Abstract

Systemic activation of the complement system results in the generation of chemotactic factors that have been suggested to play a role in the pathogenesis of inflammatory pulmonary diseases such as the adult respiratory distress syndrome. This led us to ask whether systemic complement activation by cobra venom factor (CVF) or intravascularly administered zymosan-activated rabbit plasma (ZAP) or rabbit C5a would result in lung injury. As had been described previously for CVF and ZAP, intravenously administered rabbit C5a also caused an acute neutropenia along with sequestration of neutrophils within the pulmonary vasculature.
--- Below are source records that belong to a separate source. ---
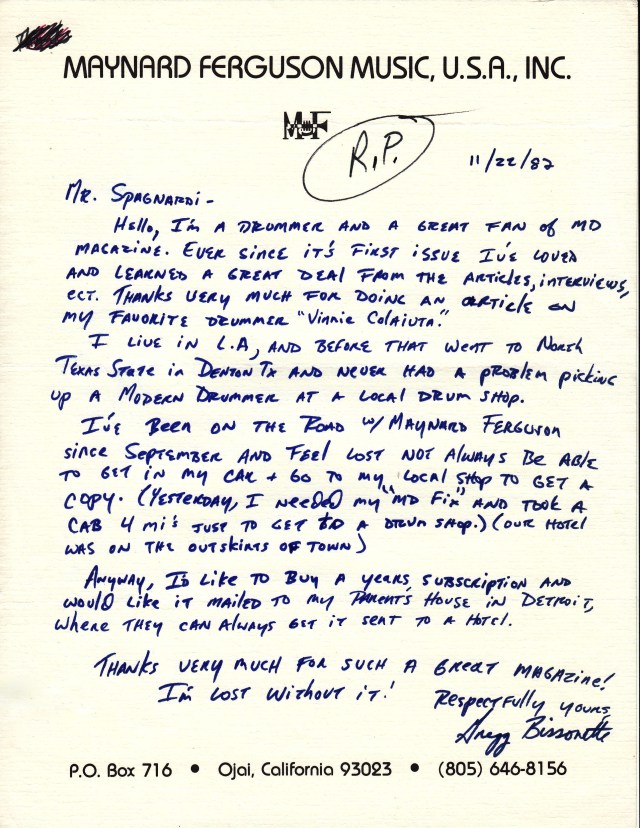 SKF NOTES: How times change! In November 1982 Gregg Bissonette sent his handwritten letter of introduction, on Maynard Ferguson stationary, to Modern Drummer Founder Ron Spagnardi.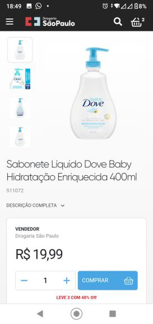 [3 UNIDADES] Sabonete Líquido Dove Baby Hidratação Enriquecida 400ml | R$28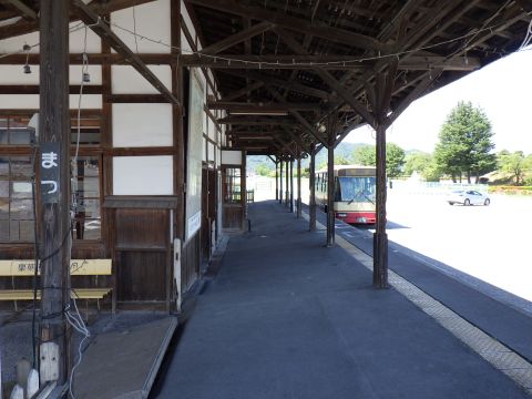屋代線が廃止されて10年以上経つけど、駅舎はバス停として使われているようだ。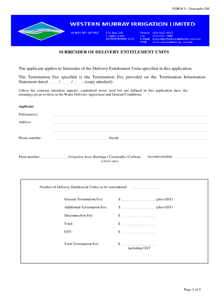 FORM 5 Surrender OF DELIVERY ENTITLEMENT Units applicant applies to Surrender of the Delivery Entitlement Units specified in this application. The Termination Fee specified is the Termination Fee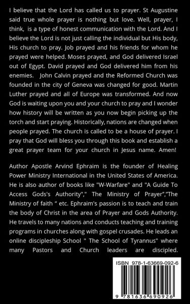 I believe that the Lord has called us to prayer. St Augustine said true whole prayer is nothing but love. Well, prayer, I think, is a type of honest communication with the Lord. And I believe the Lord is not just calling the individual but His body, His church to pray. Job prayed and his friends for whom he prayed were helped, and he even found deliverance. Moses prayed, and God delivered Israel out of Egypt. David prayed and God delivered him from his enemies. John Calvin prayed and the Reformed Church was founded in the city of Geneva was changed for good. Martin Luther prayed and all of Europe was transformed. John Knox prayed and Scotland came to its knees. Hudson Taylor prayed and scores of missionaries went to China and opened up the gospel message in China. William Carey prayed and God sent him to India, and he translated the Bible into more than 30 different languages and dialects. And now God is waiting upon you and your church to pray and I wonder how history will be written as you now begin picking up the torch and start praying. Historically, nations are changed when people prayed. The church is called to be a house of prayer. I pray that God will bless you through this book and establish a great prayer team for your church in Jesus' name. Amen!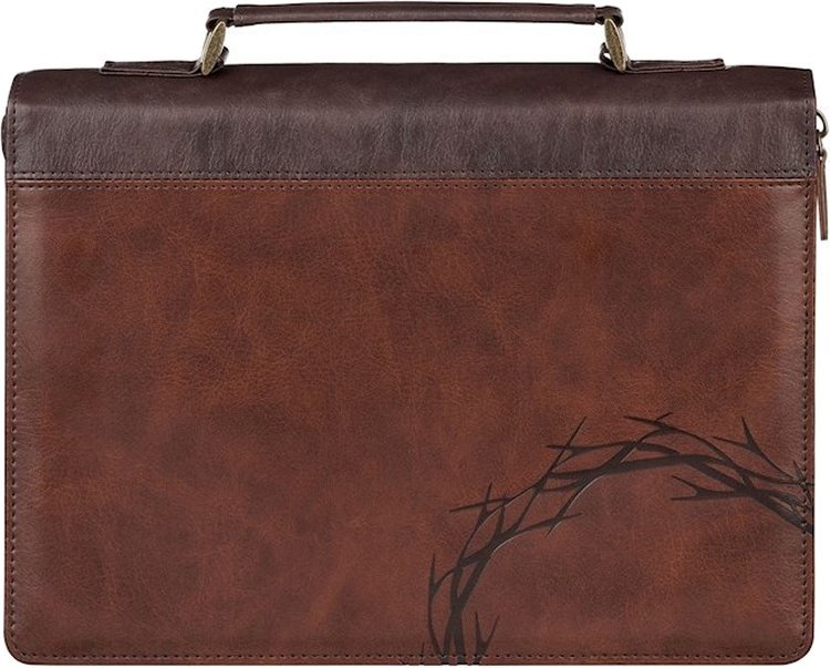 The Bible case has a two-tone brown design with a chestnut brown font cover that is heat-debossed with a crown of thorns in the lower right corner. This panel is connected to espresso-brown faux leather that wraps around the spine and fills the back. Durable topstitching around the edges and the seams ensures a strong connection. The back cover has a slip pocket, where you will find a gold-foiled Scripture verse to support the cover design.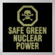 The slogan "Safe Green Nuclear Power" written in an original  bold distressed headline style font along with an equally distressed stencilled poison symbol. You can't kill irony.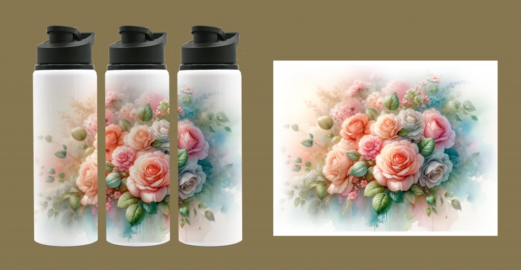 Бутылка алюминиевая для воды Цветы. Розы  Б -028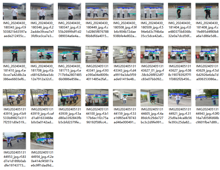 本研究使用了包含学校校服与发型合规性情况的数据集,并通过 Labelimg 标注工具对每张图像中的目标边界框(Bounding Box)及其类别进行标注。基于此数据集,采用 YOLOv8n 模型进行训练。训练完成后,对模型在验证集上的表现进行了全面的性能评估与对比分析。整个模型训练与评估流程包括以下步骤:数据集准备、模型训练、模型评估。本次标注的目标类别主要集中于学校校服与发型合规性情况。数据集总计包含 2730 张图像,具体分布如下: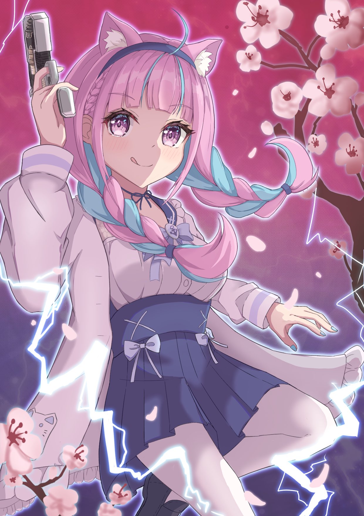 1girl animal_ear_fluff animal_ears apex_legends b3_wingman blue_hair blue_hairband blue_skirt braid breasts cat_ears cherry_blossoms cowlick electricity flower gun hairband handgun high-waist_skirt highres holding holding_gun holding_weapon hololive jacket kakari_(user_gtds4527) medium_breasts minato_aqua minato_aqua_(sailor) pink_flower pink_hair revolver shirt skirt solo thighhighs twin_braids virtual_youtuber weapon white_jacket white_shirt white_thighhighs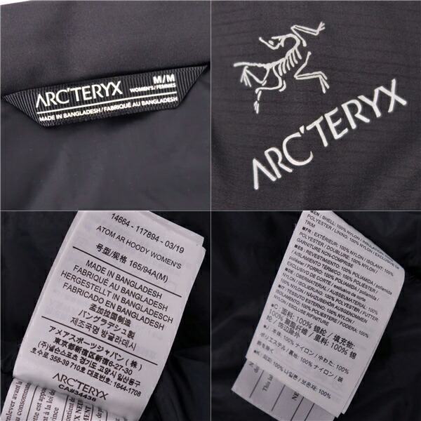 アークテリクス ARCTERYX ジャケット アトム ATOM AR HOODY 中綿入り ナイロン アウター レディース ブラック サイズM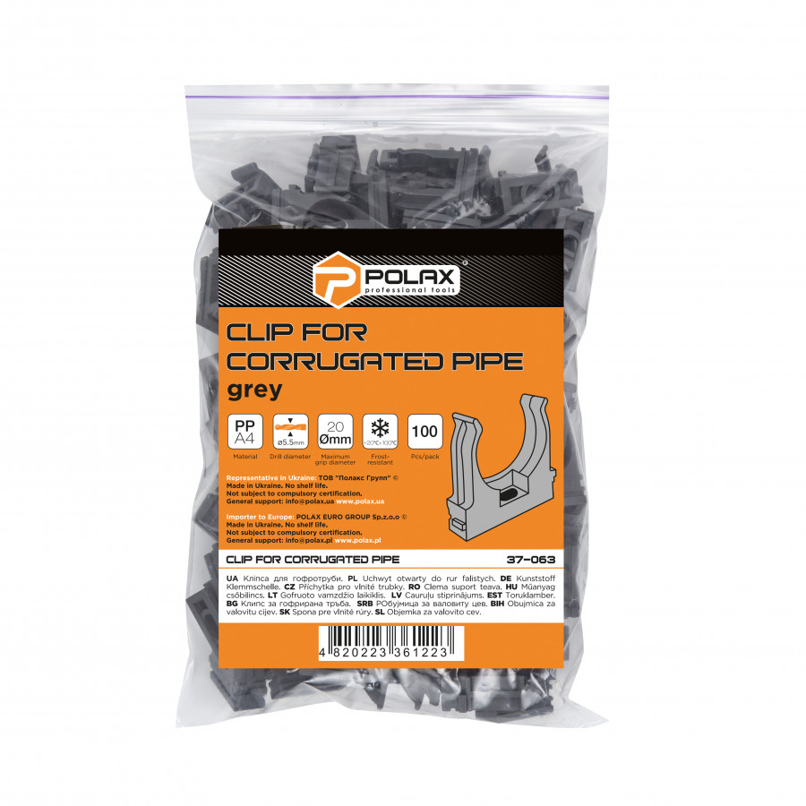 Теги: Кліпса для гофри Polax 20 мм 100 шт. (37-063), , 37-063,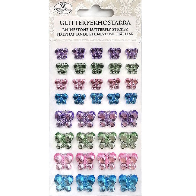 Pakkauksessa lajitelma glitterperhostarroja, 2 eri kokoa/4 eri väriä.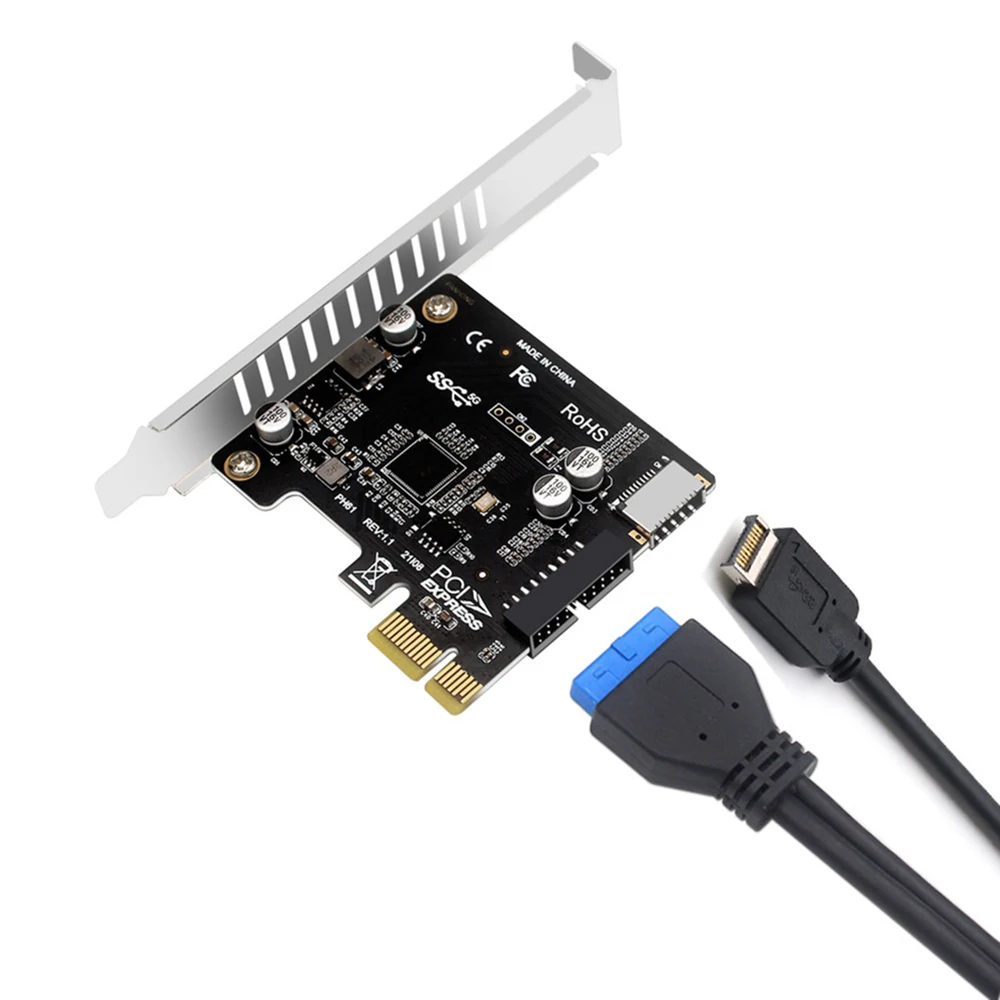 Imagine enhancing your computer’s connectivity with this sleek PCIe to USB 3.0 expansion card. Its modern black circuit board with a matte finish exudes a professional look, complemented by a bright gold-plated edge connector that guarantees reliable performance. The sturdy silver ventilation-cut metal bracket ensures durability while providing efficient airflow. Equipped with a 19-pin to 20-pin Type-C mount adapter, it extends your front panel USB Type-C ports, allowing quick, effortless device connections. This versatile upgrade seamlessly supports PCIe x1, x4, x8, or x16 slots, delivering transfer speeds up to 5Gbps. Compatible with various Windows OS versions, it offers a robust, reliable way to expand your system's USB capabilities with a clean, minimalist aesthetic.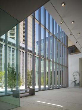 Tectonically, the building is conceived of as a series of material layers (zinc, glass, and wood) that visitors move through and between to experience the building. The building’s outer layer of oxidized zinc becomes perforated where it borders the garden, allowing visual access to the garden from the street to encourage public investigation and invite participation.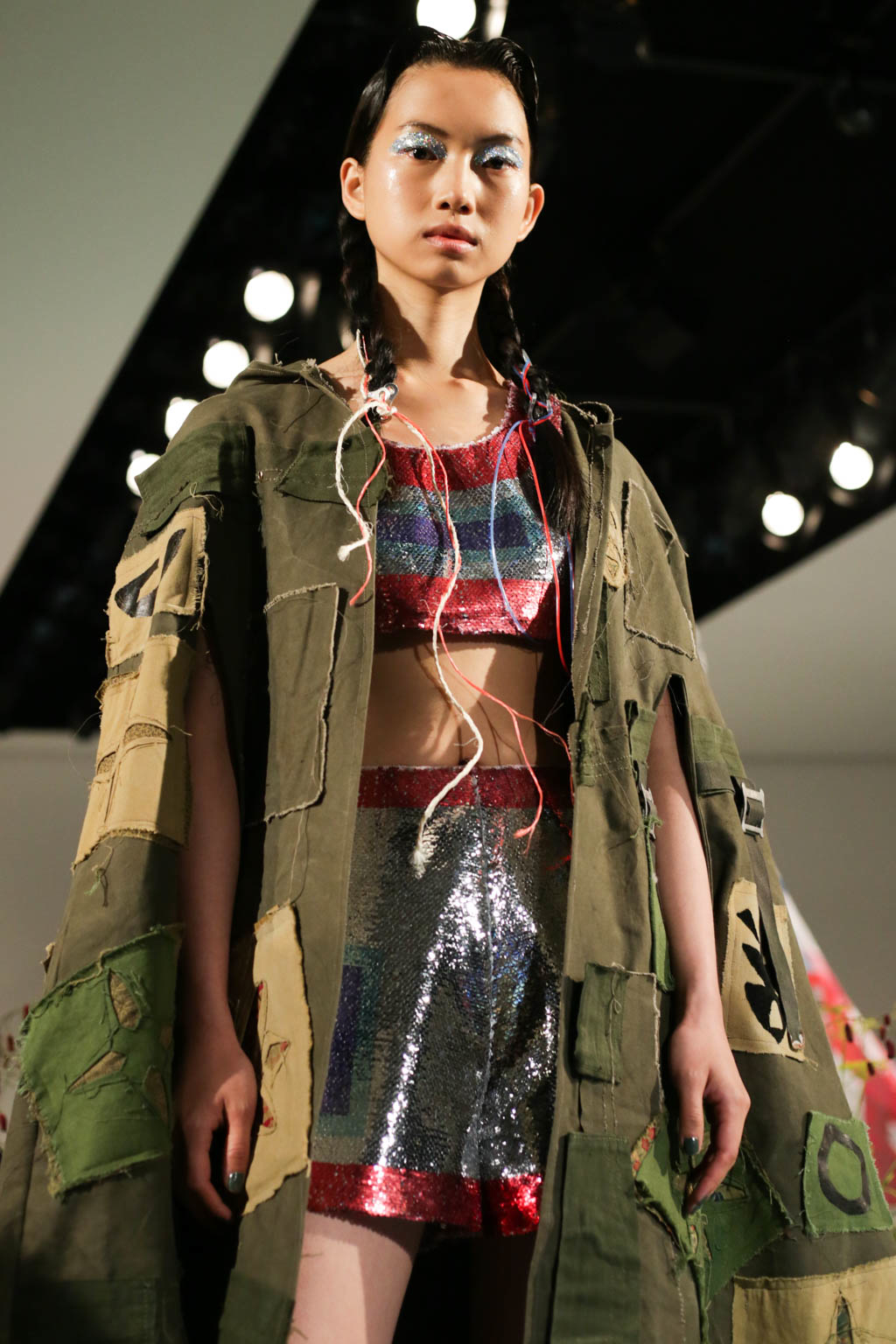 The pieces could be described as having a “disco meets meadow” theming which is significantly evident through a sequinned co-ord beneath an oversized khaki printed jacket. It can also be seen through a khaki vest and short combo, complete with eyelet detailing, neck scarf and adorned in patched.. This Girl Scout inspired look is accessorised with a silver hat which really entwines Sadie’s intention of mixing rustic pieces with glimmering girlishness, whilst also appearing futuristic in appearance.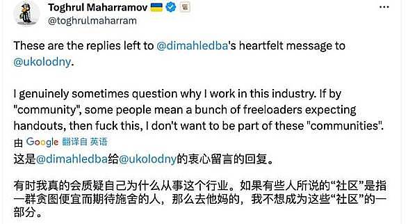 事情的起因是,Scroll的技术在推特上怒喷其社区用户,他狭隘的认为加密社区的用户都是一帮“羊毛党”,是“贪图便宜等待施舍”的人。这个论调基本可以代表Scroll从上到下,对社区用户利益的漠视与否定,如果是普通的加密项目也就算了,可是Scroll的来头可不简单。
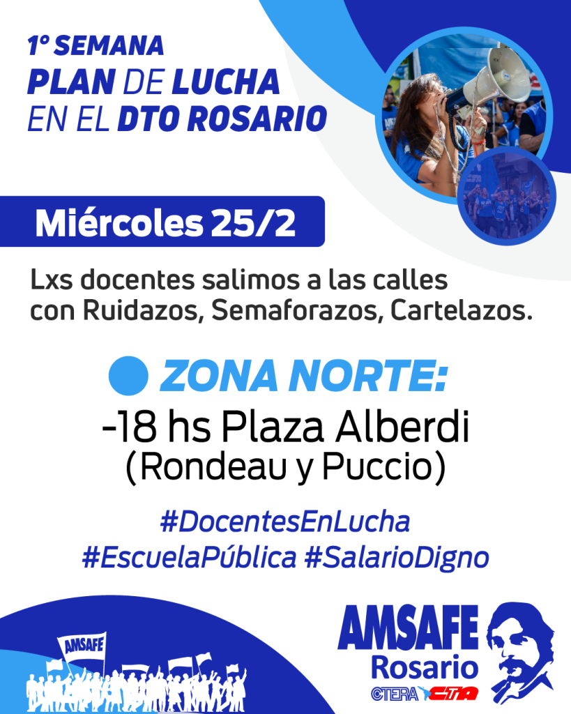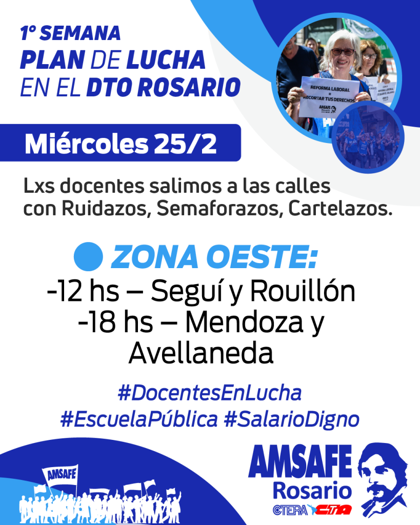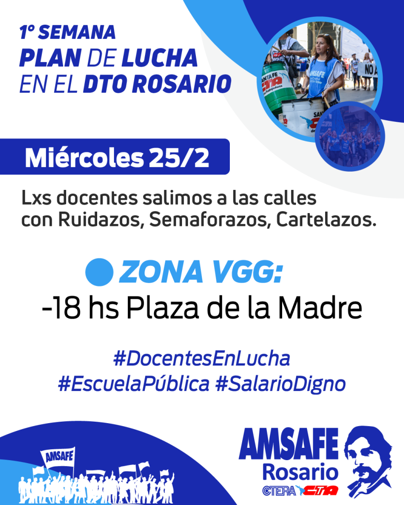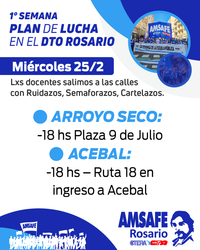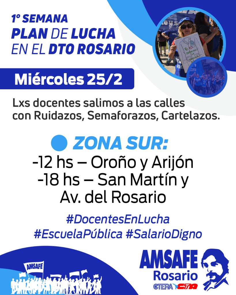 Desde AMSAFE Rosario vamos a llevar adelante distintas acciones durante la semana del 23 a 27/02 que permitan visibilizar la lucha docente.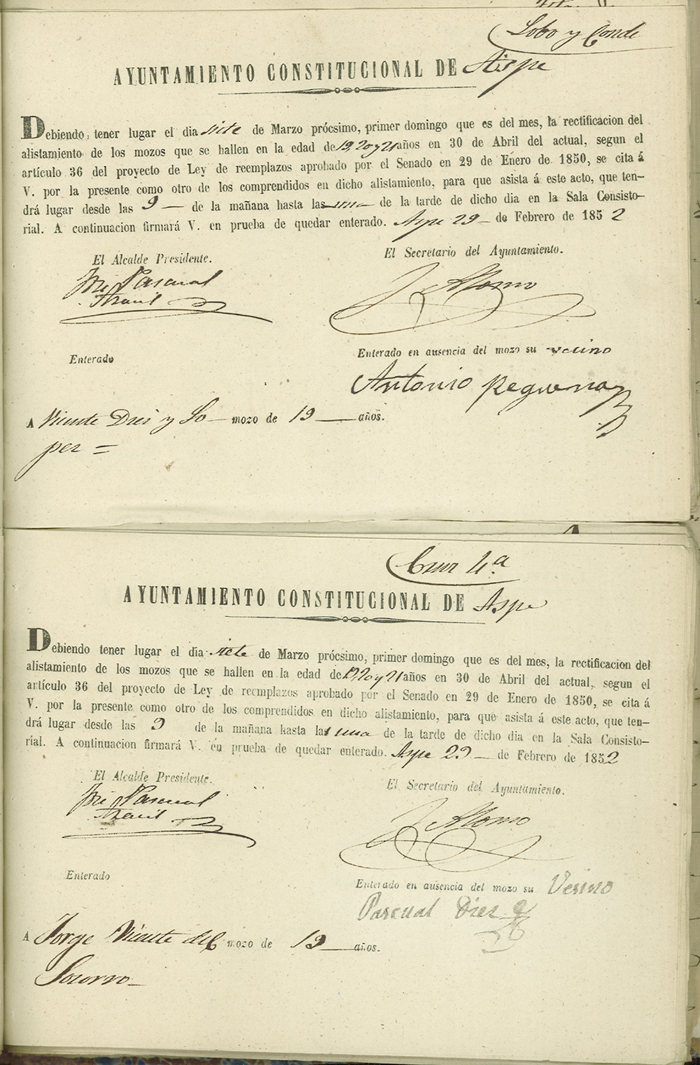 Actas de Alistamiento, 1852.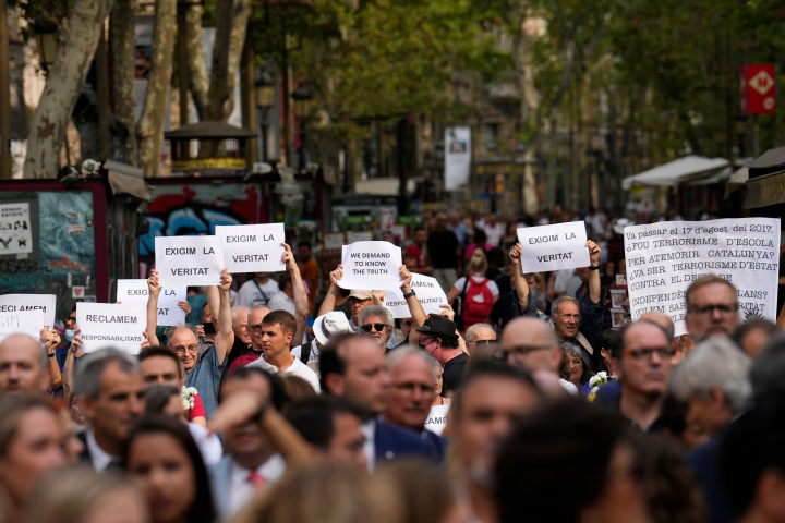 Los representantes de las instituciones han cedido el protagonismo a las víctimas en un emotivo y tenso acto en Barcelona para conmemorar el quinto aniversario de los atentados del 17-A en Las Ramblas y en Cambrils, en el que decenas de personas situadas en los alrededores han roto el silencio al grito de “queremos la verdad” y han abucheado a los políticos.

However, no significant lung inflammation as measured by neutrophil emigration or increased vascular permeability occurred with any of the three stimuli. Only when these agents were combined with anesthesia, surgical manipulation, and intubation did significant neutrophil emigration into alveoli occur, but again without any change in vascular permeability. After administration of ZAP, a decrease in dynamic compliance and an increase in pulmonary resistance as well as a transient period of hypoxemia occurred that was not observed after CVF or rabbit C5a treatment. Thus, our studies suggest that changes in lung function after ZAP instillation may not represent changes from complement activation alone in that they are not reproduced with CVF or rabbit C5a. We conclude that complement activation, as an isolated event, may be an insufficient insult in the lung to produce significant lung injury.